I'm NOT gonna talk about Sarah Palin
except for this:The cynicism of a party that would put a woman on the ticket because presumably anyone with a vagina will vote for her, rather than for a candidate whose policies actually address the real concerns of women (healthcare, endless war, education, poverty, reproductive freedom) is simply staggering to me. And I thought I was pretty much bottomed out on some of the slimy tactics of *some* representatives of the party (illegal wiretapping, political litmus tests, illegal and immoral incarceration, pre-emptive war, etc., etc., etc.). I propose that the bumper stickers say "McCain/Vagina 2008"--since that's the premise under which she was added to the ticket.

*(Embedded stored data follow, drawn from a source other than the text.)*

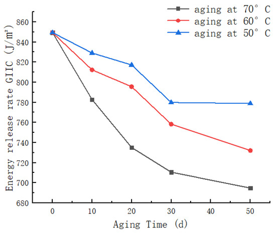 The curves depicted in Figure 11 illustrate the variation of Mode II energy release rate () with aging time under different aging temperatures. Analysis of this graph reveals that, at a constant temperature, longer aging times correspond to lower energy release rates. Specifically, the non-aged specimen exhibits a Mode II energy release rate () of 849.4 J/m2, which decreases to 694.8 J/m2 after 50 days of aging at 70 °C, representing an 18.2% reduction compared to the non-aged specimen. When the aging duration is constant, higher aging temperatures result in a more pronounced and faster decline in the specimen’s energy release rate. The 50-day aging at 70 °C shows a 10.8% greater reduction compared to aging at 50 °C. This phenomenon is attributed to the UV aging-induced weakening of interlaminar bonding in CFRP, and the increasing extent of fiber-matrix debonding with prolonged aging time and elevated aging temperatures in the ENF specimens. This, in turn, affects the specimen’s resistance to crack propagation and failure, leading to a gradual decrease in Mode II energy release rate (). Furthermore, the analysis of Figure 11 indicates a gradual decrease in the slope of the curve with increasing aging time, suggesting a noticeable slowing of the rate of decline in Mode II energy release rate. This effect becomes particularly prominent after 30 days of aging, potentially indicating that UV-induced damage to the matrix and fiber/matrix interface in the CFRP laminate reaches saturation, resulting in the energy release rate reaching its lowest point.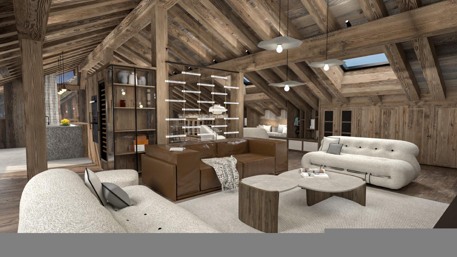 With a generous living area of 323 m², this 6-bedroom en-suite chalet spans three levels and features a private wellness area complete with sauna, hammam, massage room, indoor pool, and jacuzzi—offering the ultimate après-ski relaxation. The architecture blends local stone and reclaimed wood, creating a seamless integration with the traditional surroundings.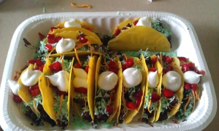 I got this idea from all of you, the only thing done really differnt was that my "tomato" was chopped strawberries mixed in clear gel to keep them from seeping onto other things.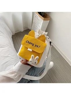 Холщовая мини сумка-мешок с карманом и брошью зайка

And this: How is it possible for any commentator to, with a straight face, criticize Obama as excessively "rhetorical" in his platform (i.e., not enough substance) AND to accept Palin's "rhetorical" claims that she is prepared for the (Vice)Presidency simply because she says she is. WTF?????
Okay, and this: IF McCain is elected, it will be proof dispositive that Americans prefer rhetorical nostalgia over the survival of the species. We cannot and dare not spend another cycle of politics led by someone who believes his own mad fantasy of the America that--if it ever even existed--is long, long gone. When will we reach the limits of our nostalgic fantasies that we can continue to burn oil, kill people in order to burn oil, destroy the very earth that provides our existence, and see ourselves as an invincible force of good despite overwhelming evidence to the contrary? Snap the fuck OUT OF IT, people.
Labels: election-year rant, world gone mad
6 Comments:
Amen.
Ditto.
Thanks for saying what has been stuck in my throat since she was chosen.
:) i love you. had to delurk to say that lol.
Amen indeed.
And this: in discussing the debate, again (because we are slow this way), my husband today observed that since nobody told her in the debate prep to cool it with the winking, they essentially approved this. I.e. she unquestionably represents the complete moral bankruptcy of the Republican party. We knew that, of course, but now we have (rather seriously nausea-inducing) proof.
The bumper sticker would have to say "McCain/vajayjay 2008" since "nice" girls don't know what a vagina is and wouldn't be able to read a bumper sticker with the real word on it.